++++ Information provided ++++

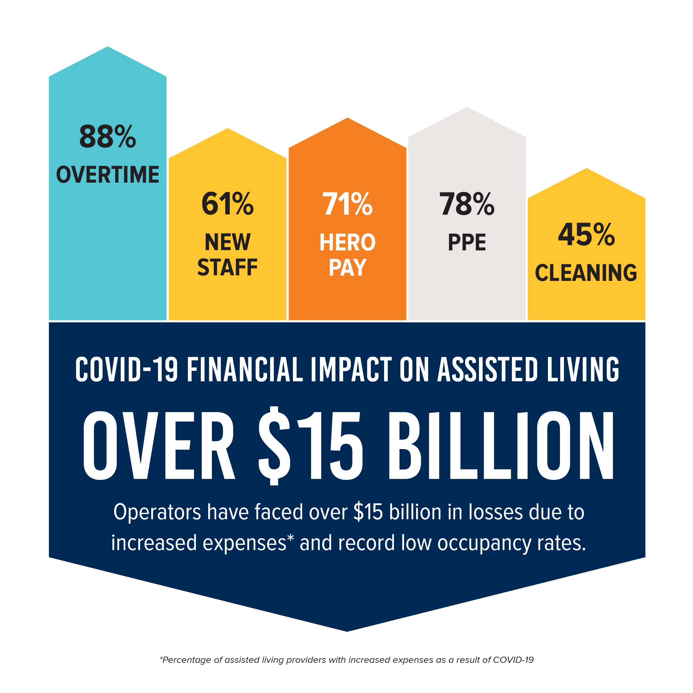 Alexandria, Va., Feb. 12, 2021 (GLOBE NEWSWIRE) -- Now a year into the COVID-19 pandemic, thousands of assisted living facilities are still waiting for federal COVID-19 relief, and for over half of them, closures are imminent, according to a recent Argentum member survey. They have faced over $15 billion in increased expenses and lost revenue, and these figures are increasing substantially each month. Meanwhile, provisions in the current COVID-19 relief package negotiated in the House of Representatives fall woefully short in protecting these seniors and caregivers.
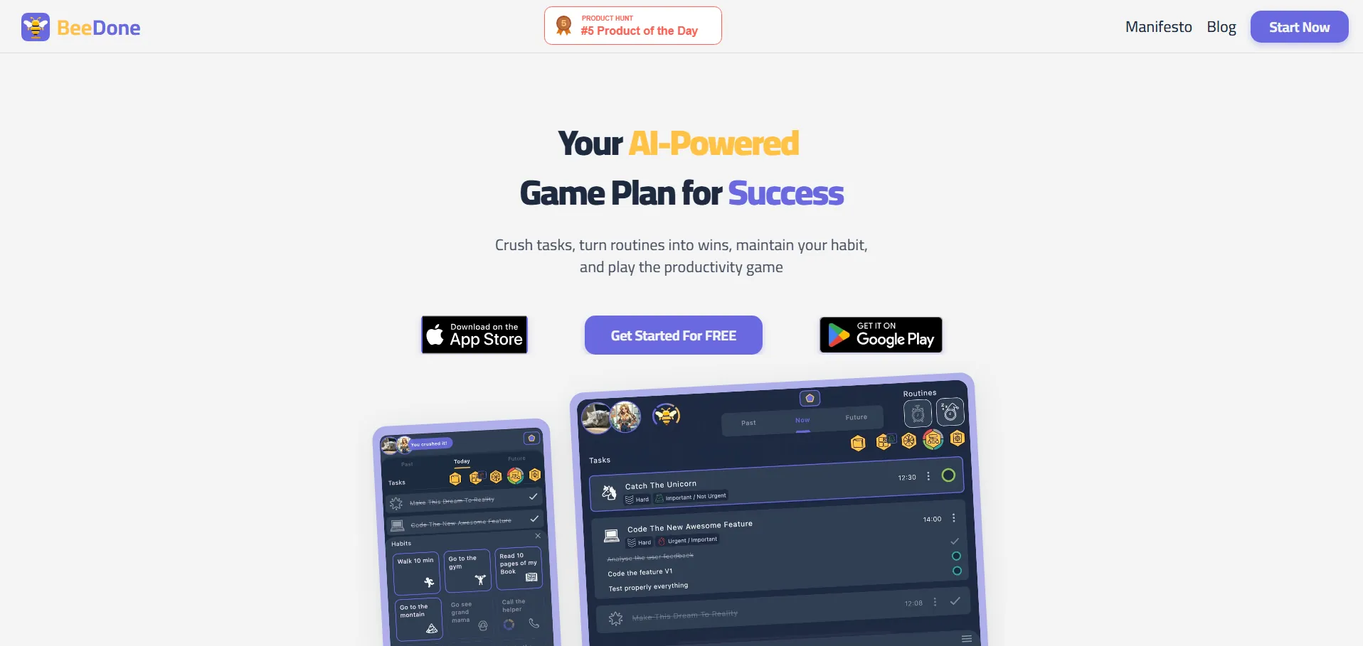 Beedone es una aplicación de productividad gamificada potenciada por IA, diseñada para transformar la gestión de tareas y rutinas diarias en una experiencia divertida y eficiente. Gracias a su motor de inteligencia artificial, Beedone organiza automáticamente tus actividades, establece prioridades según tus hábitos y ofrece recomendaciones personalizadas. Su sistema de gamificación incluye recompensas, niveles y estadísticas de progreso, motivando al usuario a completar objetivos y mantener hábitos saludables. Compatible con uso individual y colaborativo, Beedone simplifica la planificación, el seguimiento y la optimización de tareas para maximizar productividad y cumplir metas.
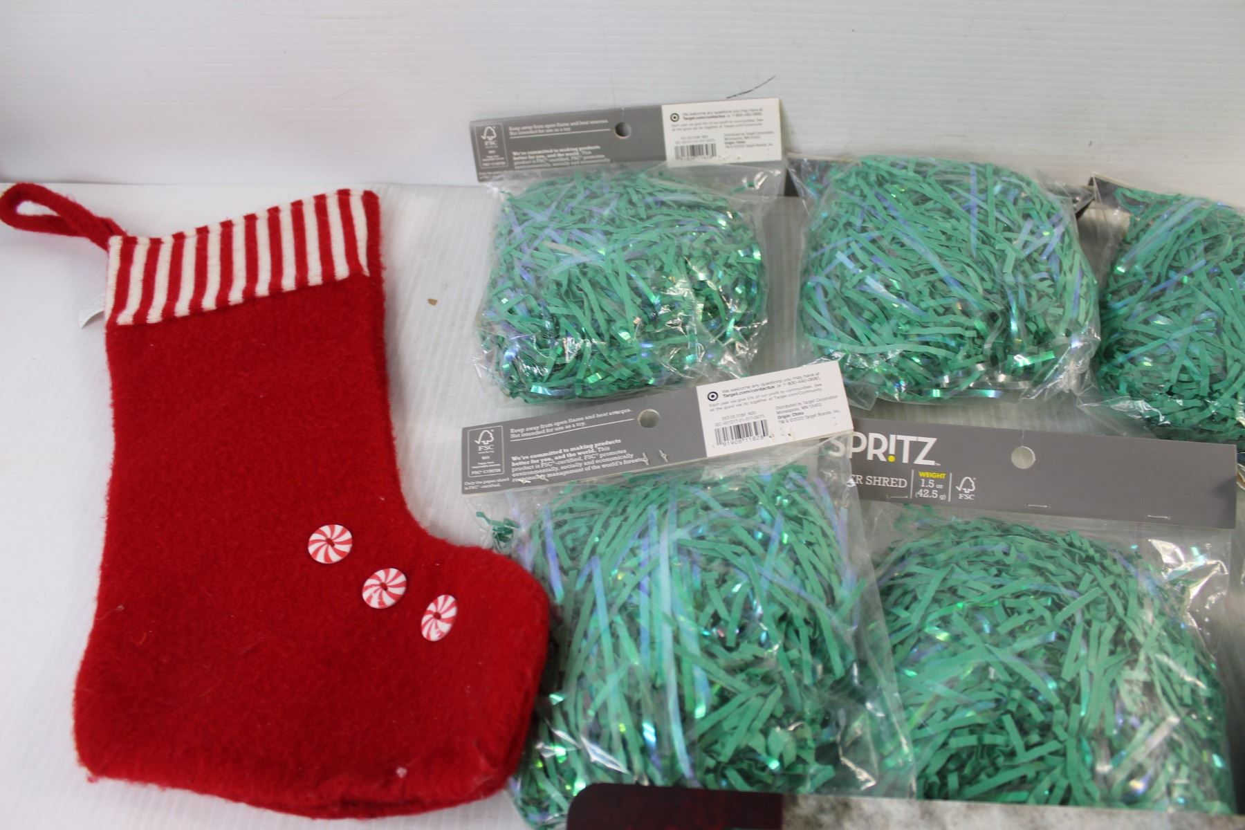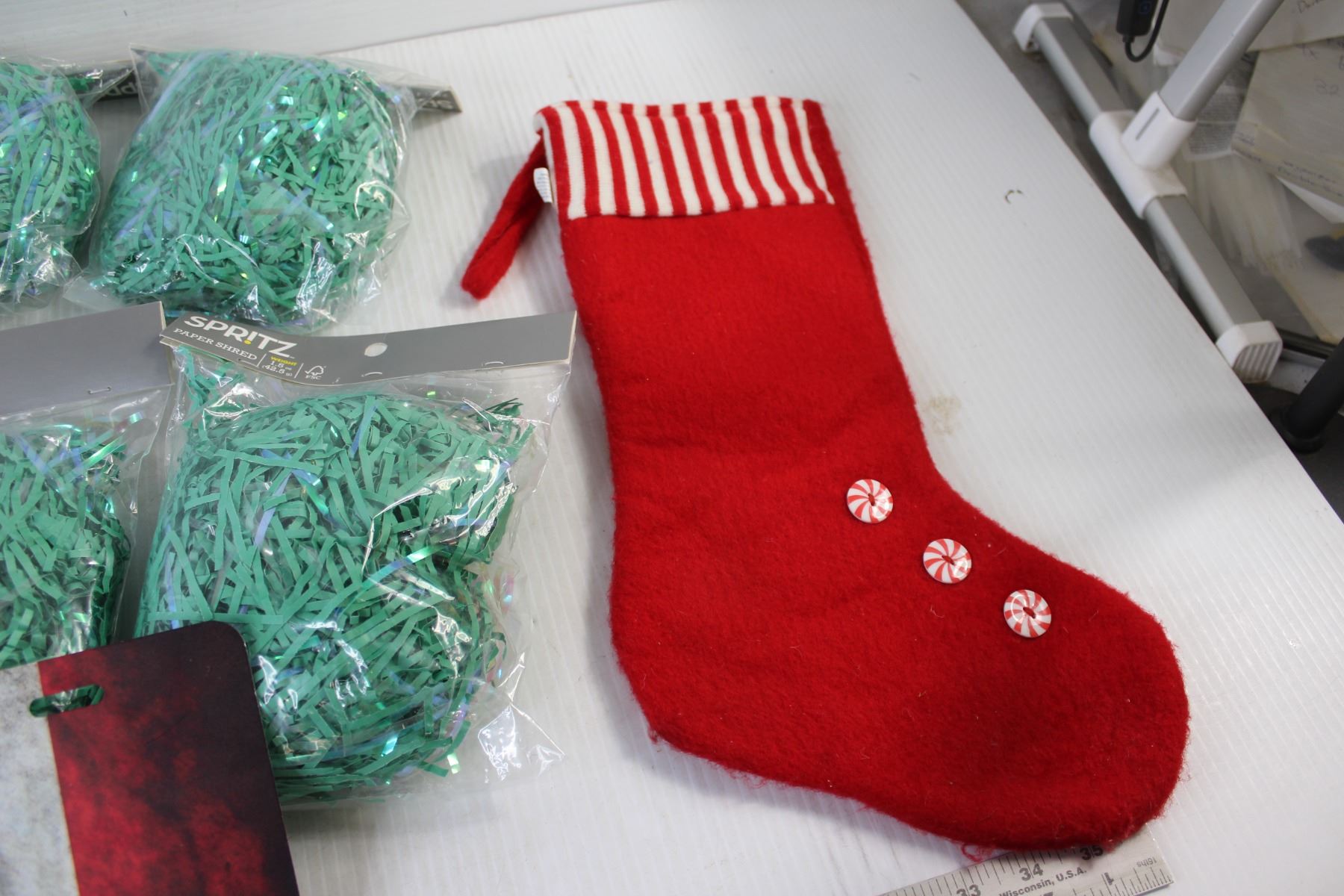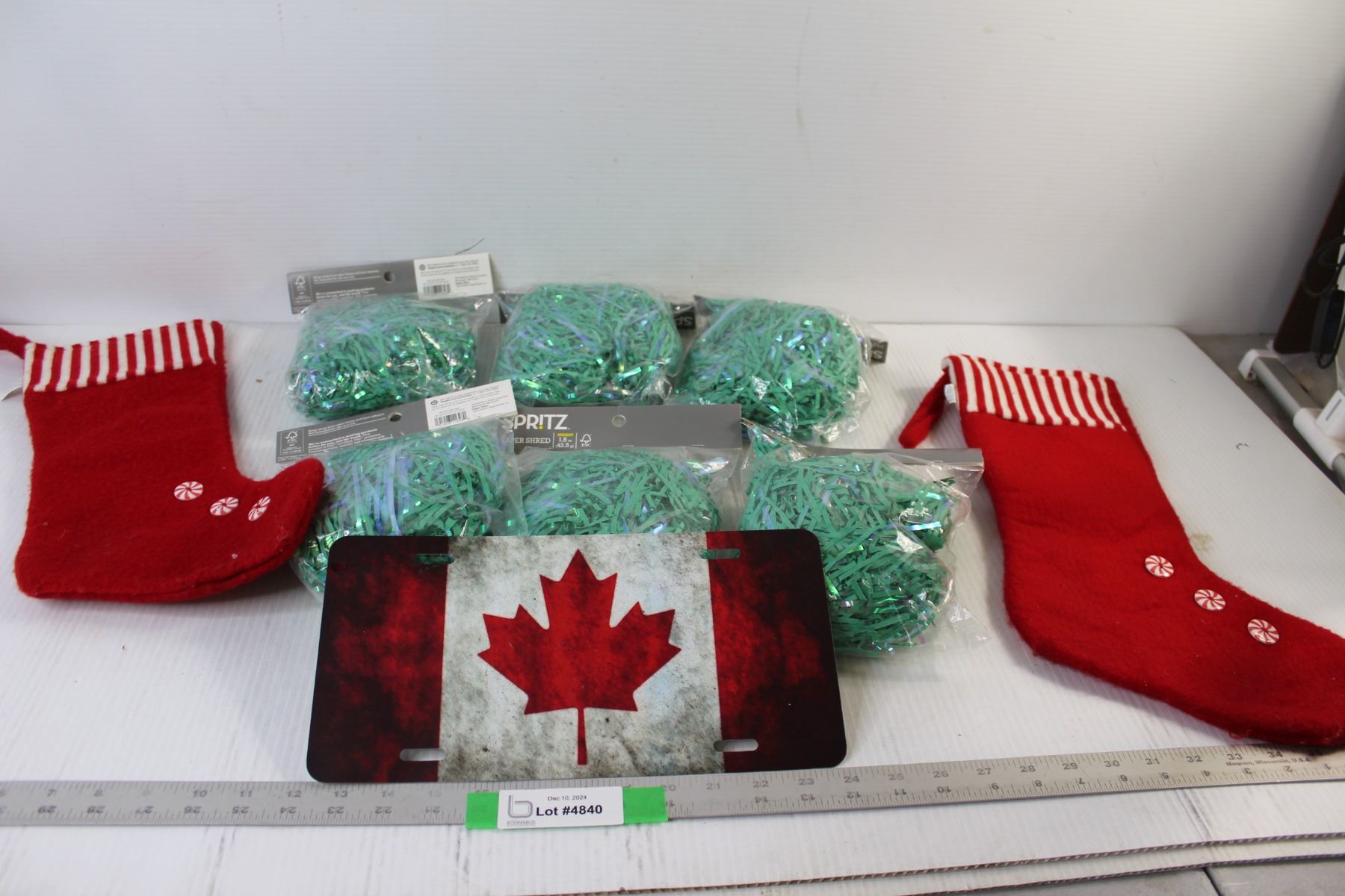 Paper Shred, (2) Christmas Stockings, Canadian Sign - 12" x 6"

++++

_Work task:_ All of the data above needs to be retyped exactly, with the pictures removed.

_Worked solution:_
 Alexandria, Va., Feb. 12, 2021 (GLOBE NEWSWIRE) -- Now a year into the COVID-19 pandemic, thousands of assisted living facilities are still waiting for federal COVID-19 relief, and for over half of them, closures are imminent, according to a recent Argentum member survey. They have faced over $15 billion in increased expenses and lost revenue, and these figures are increasing substantially each month. Meanwhile, provisions in the current COVID-19 relief package negotiated in the House of Representatives fall woefully short in protecting these seniors and caregivers.
 Beedone es una aplicación de productividad gamificada potenciada por IA, diseñada para transformar la gestión de tareas y rutinas diarias en una experiencia divertida y eficiente. Gracias a su motor de inteligencia artificial, Beedone organiza automáticamente tus actividades, establece prioridades según tus hábitos y ofrece recomendaciones personalizadas. Su sistema de gamificación incluye recompensas, niveles y estadísticas de progreso, motivando al usuario a completar objetivos y mantener hábitos saludables. Compatible con uso individual y colaborativo, Beedone simplifica la planificación, el seguimiento y la optimización de tareas para maximizar productividad y cumplir metas.
 Paper Shred, (2) Christmas Stockings, Canadian Sign - 12" x 6"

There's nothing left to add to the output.